Jona Källgren on the Polish election: “Will be a nail biter”

Poland – like many other countries – does not have a system of fixed dates for parliamentary elections, but it should happen sometime before the end of November this year. Experts believe it will be in mid-October.

Conflict and increased power

It has been turbulent years in Poland since the conservative Law and Justice party took over in 2015. The economy continues to grow at breakneck speed – Poland has a higher GDP per person than Portugal and the country is closing in on Spain.

But perhaps even more important: after Russia attacked Ukraine, Poland became an invaluable country on the front line of NATO and the EU. Weapons, which are to enter Ukraine, are transported through Poland. Joe Biden has visited Warsaw to show his support twice in the past 16 months. Poland is also becoming a military power, with huge purchases of military equipment, such as tanks and robotic artillery systems.

At the same time, the Conservative government has been in permanent conflict with the EU. From LGBTQI rights to Poland’s legal reform, which the European Court of Justice says does not achieve the EU’s rule of law.

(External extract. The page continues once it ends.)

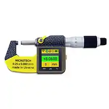 Комп'ютеризовані субмікронні мікрометри (МКК) - основною перевагою комп'ютеризованого мікрометра є використання комп'ютеризованої вимірювальної системи з вбудованою пам'яттю, функціями ПР / НЕ з колірною індикацією, макс / хв, функціями формули, ручною компенсацією температури і математична компенсація похибки, таймером, вибором дискретності мікрометра, Бездротова м і USB передача даних на зовнішні пристрої. Комп'ютеризований мікрометр має дозвіл 0,1 мікрона і більш високу точність, ніж стандартні цифрові і аналогові мікрометри. Кольоровий дисплей і сенсорний екран забезпечують високу ергономіку використання субмікронного комп'ютеризованого мікрометра. Комп'ютерний субмікронний мікрометр був розроблений і запатентований підприємством МІКРОТЕХ.

Conflicts, conflicts, conflicts.

The heart of Warsaw

In the Polish capital, I meet 16-year-old Michalina. She is a member of the opposition party Medborgarplattform led by the former prime minister and former EU Council President Donald Tusk. During the afternoons, she walks around the city and puts up stickers depicting red and white hearts, the informal logo of the opposition.

She is sure that Law and Justice will lose the election and that Poland will take a new course: cooperation with the EU, democratic reforms, legal abortions, LGBTQI rights. She has high hopes.

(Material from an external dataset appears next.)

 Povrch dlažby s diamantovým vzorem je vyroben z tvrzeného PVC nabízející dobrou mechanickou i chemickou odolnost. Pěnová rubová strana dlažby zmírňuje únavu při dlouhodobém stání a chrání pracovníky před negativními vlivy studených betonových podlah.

– For almost my entire life, I have always only heard bad things on the news. I want a change and for Poland to become a better place. So when I grow up I can have a good future, she says.

Gonna be a nail biter

Much is at stake. Not only the political direction of Poland, but indeed the direction of the entire eastern part of the EU. Poland is such a big player that a change could cause ripples in countries like the Czech Republic, Slovakia and Hungary.

When I meet the political scientist Andrzej Bobinski, who is the head of the Polityka Insight institute in Warsaw, he initially refuses to guess how the election will go. But after some light journalistic pressure, he relents.

– It is early in the election campaign. But if you were to force me to guess by putting a gun to my head, then I think the opposition will win, he says.

He believes that even though Law and Justice is better in the polls, the opposition quickly taps in, and seems to have more energy on its side.

It is going to be exciting. Just don’t watch the US primaries. Follow developments in Poland as well.